Segment Open
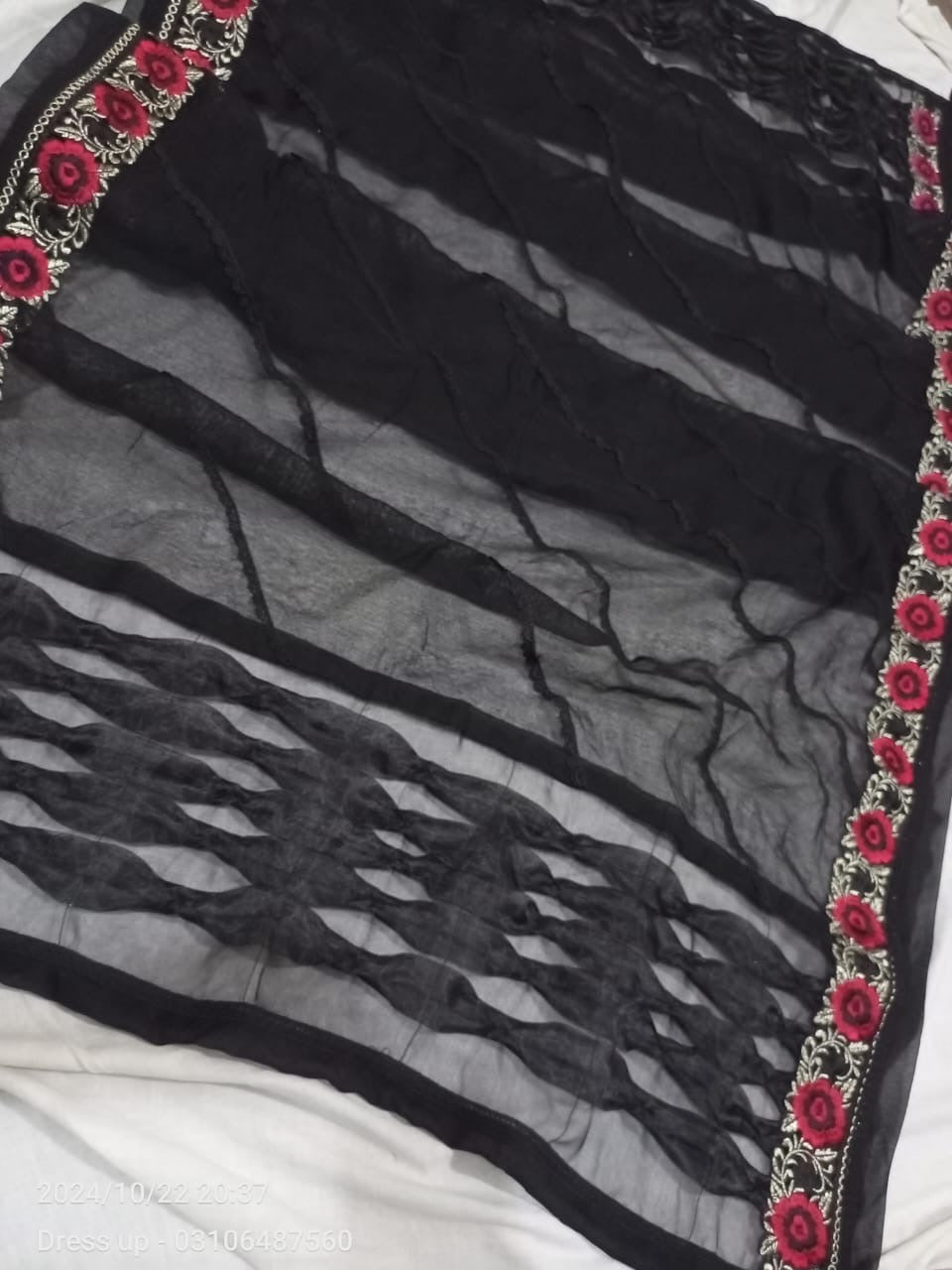 Dupatta and shirt are made out of Khaadi net fabric while pants are of grip stuff.
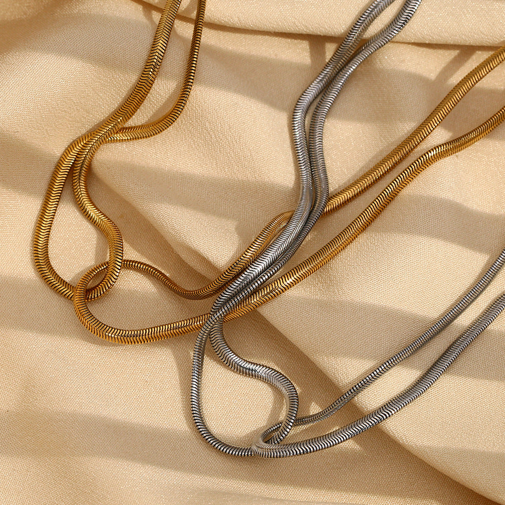 | Color | Double Layer Snake Chain Necklace-Gold, Double Layer Snake Chain Necklace-Steel Color |
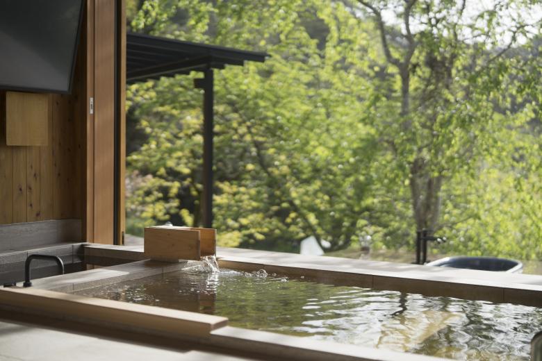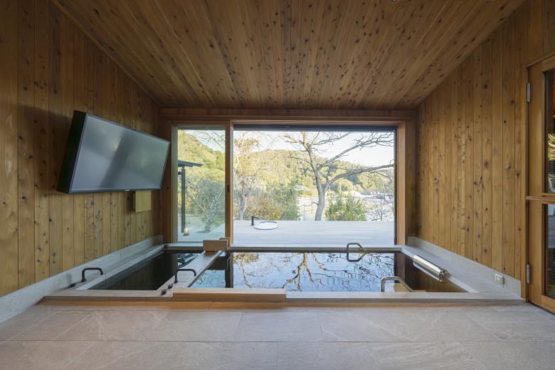 隣接するスパ棟では、ジャグジーや打たせ湯をはじめあらゆるタイプのお風呂を源泉掛け流しで楽しむことができる。さらに、サウナもドライ、ミスト、岩盤浴と充実している。
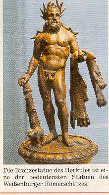 30 000 Kulturtouristen jährlichWeißenburg. (dpa) Eigentlich wollte der Weißenburger Hobbygärtner am 19.Oktober 1979 nur ein Spargelbeet umgraben. Ans Tageslicht kamen zu seinem großen Erstaunen aber Gefäße und Eimer, vollgepackt mit römischen Gegenständen und Tempelschätzen. Der Zufallsfund vor 25 Jahren machte die mittelfränkische Stadt Weißenburg endgültig zu einer Römerstadt, nachdem dort bereits zwei Jahre zuvor Römische Thermen ausgegraben worden waren. Der Römerschatz wird in einem 1983 neu eröffneten Römermuseum der 18000-Einwohner-Stadt gezeigt.
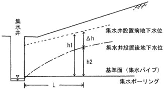 @ 地下水位の低下形状 図−2には、集水井設置に伴う地下水位の低下形状を示しました。集水井設置後の地下水位h2は、概ね集水井の近くでは低く、集水井からの距離Lが長くなるにつれて高くなる傾向が認められます。これは、集水ボーリングが平面的には扇形に設置されるため、集水井の近くでは集水ボーリング設置密度が高く、遠くでは低くなることによる集水能力の差によると考えられます。
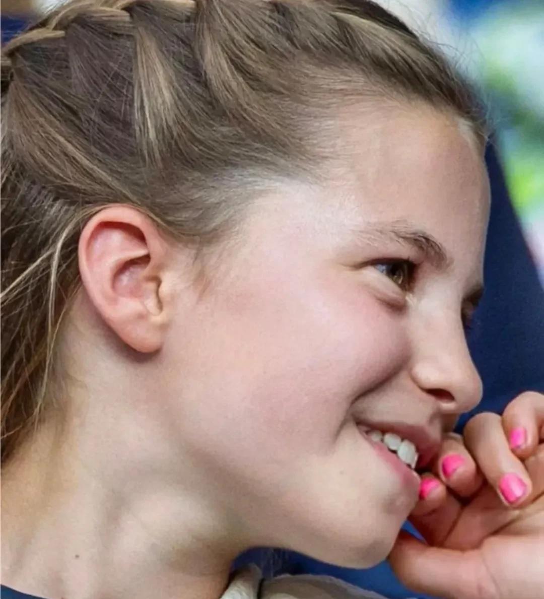 夏洛特公主漂亮的绿色眼睛 夏宝小时候是蓝色眼睛,长大以后和妈妈一样,其实感觉绿眸很适合她,很漂亮。挡住头发完全就是他爸威廉,笑起来太像了,第三张照片感觉有点像黛安娜了。
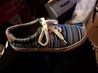 Elevate your casual style with these Tommy Hilfiger Awmaritza boat shoes. Perfect for any occasion, whether it's a day out on the town or a day at the office, these shoes feature a closed toe and lace-up closure for a secure fit. The cotton blend upper material is breathable and comfortable, while the fabric lining material adds an extra layer of comfort. These limited edition shoes are lightweight and non-slip, making them perfect for any season. The multicolor striped pattern and hipster, school, hippie, graffiti, college, 90s, southwestern, and retro themes add a touch of personality to any outfit. Available in men's US shoe size 9.5 and UK shoe size 9, these shoes are a must-have addition to any shoe collection.
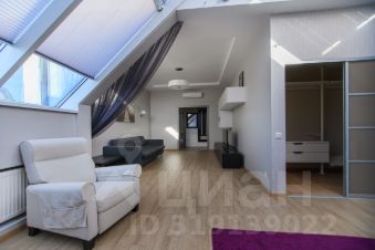 Общая площадь составляет 101,1 кв. м. Установлены кондиционеры и необходимая современная бытовая техника. По планировке: гостиная с мансардным потолком и камином; выделенная кухня с выходом на
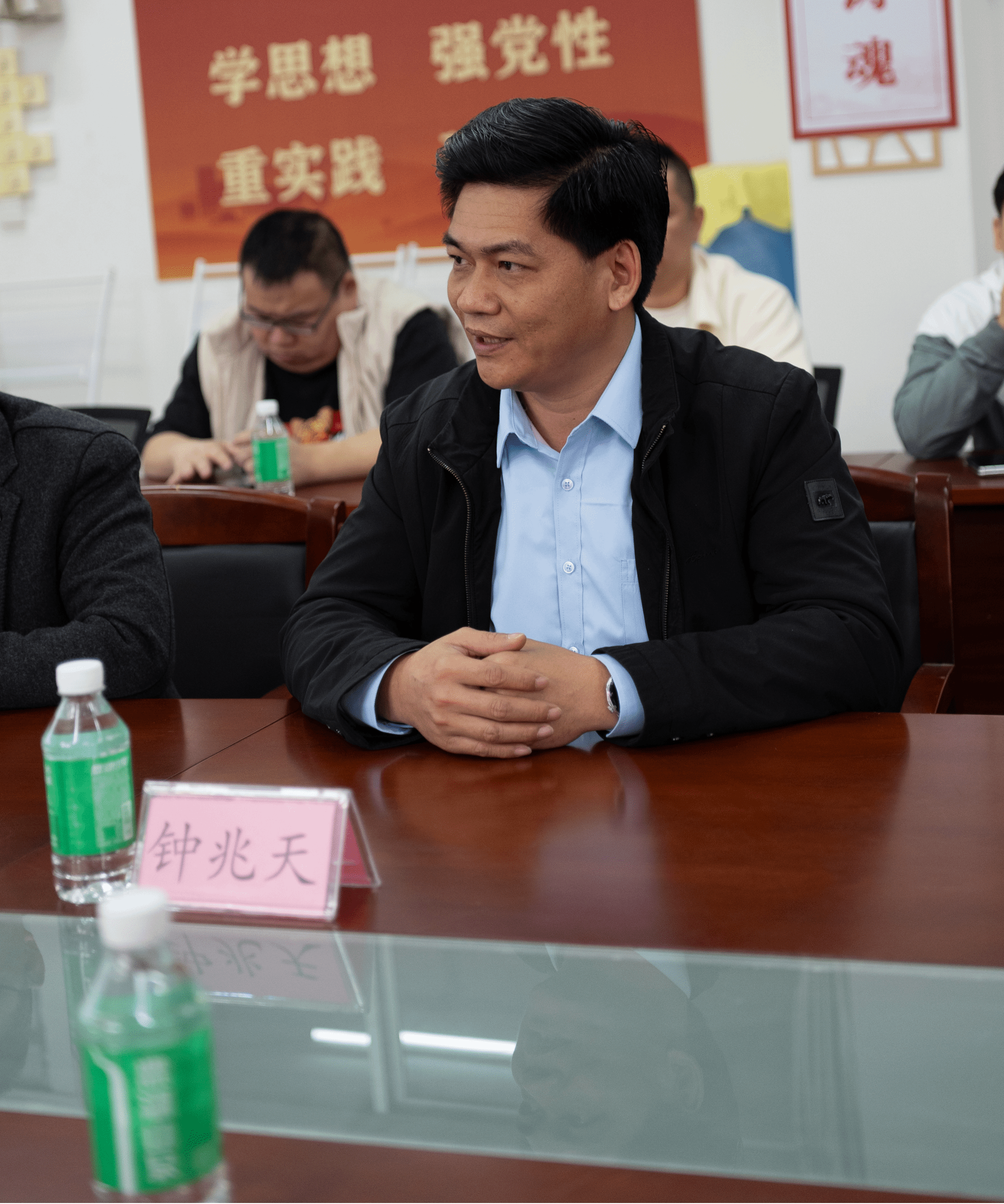 公司党总支书记钟兆天对各位领导的莅临指导表示热烈欢迎和衷心感谢。他强调,今天的会议不仅安排了挂牌仪式,而且议题深远、意义重大。关于地理标志性人才的沟通与建设,钟书记提出了从专业性和人才驿站建设两个维度进行深入探讨的想法,并提议借助学会的力量,与企业合作建立教学基地,为员工提供实践学习的机会。
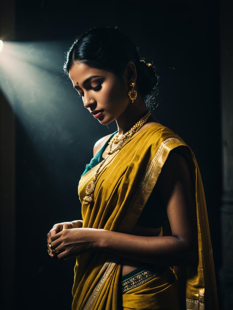 Woman in Malmal Cotton Saree, waist-up editorial portrait, photorealistic tones --sref 1391
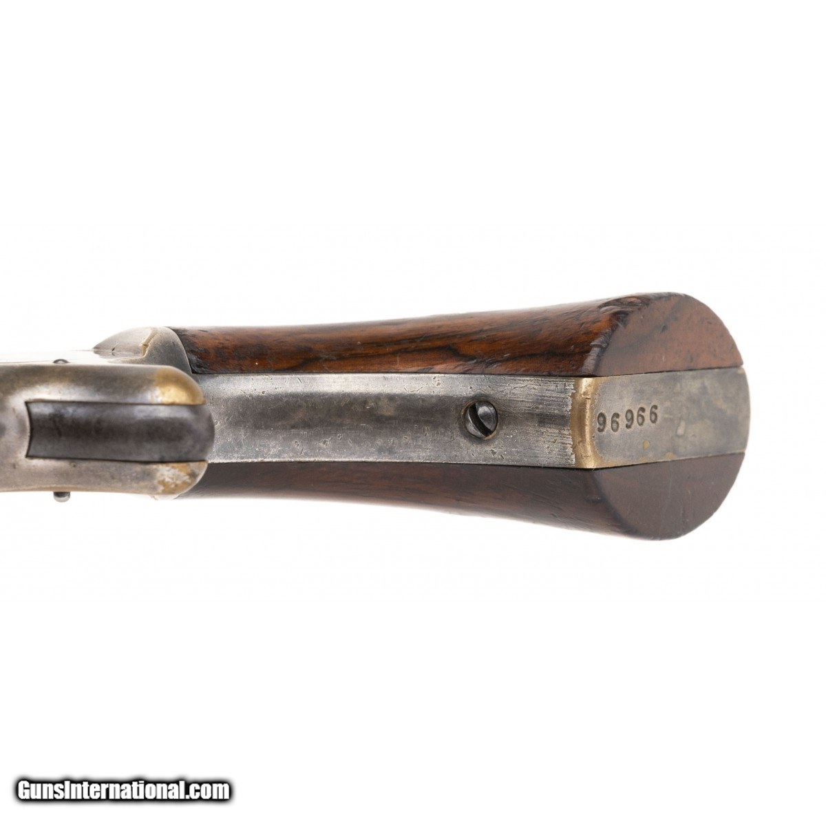 Description: " This Smith & Wesson Model 1 Second Issue revolver is circa 1860 to 1868. The 3 3/16"" 22 Short octagon barrel has a fair dark bore with visible rifling. The round 7-shot non-fluted cylinder has the 1855, 1859, and 1860 patent date markings. The barrel assembly is bright with scattered staining and light roughness, especially at the muzzle. The silver plated brass frame retains approx. 85% silver. The rosewood grips are fine with most of their original finish and a couple of small chips on the lower left edge. The action functions correctly. The Model No. 1 was a popular private purchase revolver for Civil War soldiers. This is a nice representative example at a reasonable price. SOLD Antique: Yes |
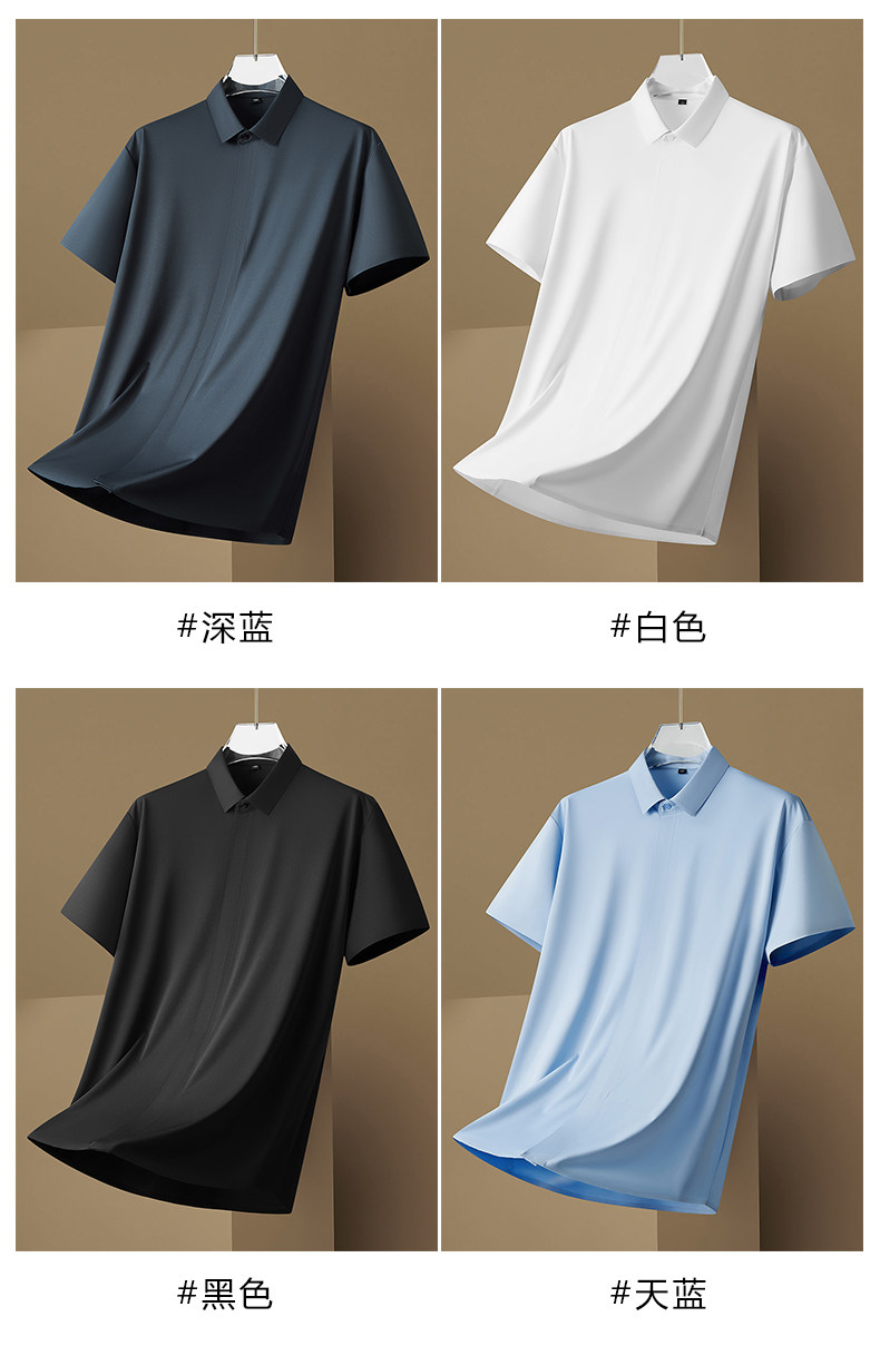 【DM】大依优型大码男装夏季封口纯色短袖衬衫商务休闲无痕上衣T恤350斤
Segment Closed
> Exercise description: The reply should hold an exact repeat of the entries from their opening line through the line with "公司党总支书记钟兆天对各位领", and no pictures at all.

> Response below:
 Dupatta and shirt are made out of Khaadi net fabric while pants are of grip stuff.
 | Color | Double Layer Snake Chain Necklace-Gold, Double Layer Snake Chain Necklace-Steel Color |
 隣接するスパ棟では、ジャグジーや打たせ湯をはじめあらゆるタイプのお風呂を源泉掛け流しで楽しむことができる。さらに、サウナもドライ、ミスト、岩盤浴と充実している。
 30 000 Kulturtouristen jährlichWeißenburg. (dpa) Eigentlich wollte der Weißenburger Hobbygärtner am 19.Oktober 1979 nur ein Spargelbeet umgraben. Ans Tageslicht kamen zu seinem großen Erstaunen aber Gefäße und Eimer, vollgepackt mit römischen Gegenständen und Tempelschätzen. Der Zufallsfund vor 25 Jahren machte die mittelfränkische Stadt Weißenburg endgültig zu einer Römerstadt, nachdem dort bereits zwei Jahre zuvor Römische Thermen ausgegraben worden waren. Der Römerschatz wird in einem 1983 neu eröffneten Römermuseum der 18000-Einwohner-Stadt gezeigt.
 @ 地下水位の低下形状 図−2には、集水井設置に伴う地下水位の低下形状を示しました。集水井設置後の地下水位h2は、概ね集水井の近くでは低く、集水井からの距離Lが長くなるにつれて高くなる傾向が認められます。これは、集水ボーリングが平面的には扇形に設置されるため、集水井の近くでは集水ボーリング設置密度が高く、遠くでは低くなることによる集水能力の差によると考えられます。
 夏洛特公主漂亮的绿色眼睛 夏宝小时候是蓝色眼睛,长大以后和妈妈一样,其实感觉绿眸很适合她,很漂亮。挡住头发完全就是他爸威廉,笑起来太像了,第三张照片感觉有点像黛安娜了。
 Elevate your casual style with these Tommy Hilfiger Awmaritza boat shoes. Perfect for any occasion, whether it's a day out on the town or a day at the office, these shoes feature a closed toe and lace-up closure for a secure fit. The cotton blend upper material is breathable and comfortable, while the fabric lining material adds an extra layer of comfort. These limited edition shoes are lightweight and non-slip, making them perfect for any season. The multicolor striped pattern and hipster, school, hippie, graffiti, college, 90s, southwestern, and retro themes add a touch of personality to any outfit. Available in men's US shoe size 9.5 and UK shoe size 9, these shoes are a must-have addition to any shoe collection.
 Общая площадь составляет 101,1 кв. м. Установлены кондиционеры и необходимая современная бытовая техника. По планировке: гостиная с мансардным потолком и камином; выделенная кухня с выходом на
 公司党总支书记钟兆天对各位领导的莅临指导表示热烈欢迎和衷心感谢。他强调,今天的会议不仅安排了挂牌仪式,而且议题深远、意义重大。关于地理标志性人才的沟通与建设,钟书记提出了从专业性和人才驿站建设两个维度进行深入探讨的想法,并提议借助学会的力量,与企业合作建立教学基地,为员工提供实践学习的机会。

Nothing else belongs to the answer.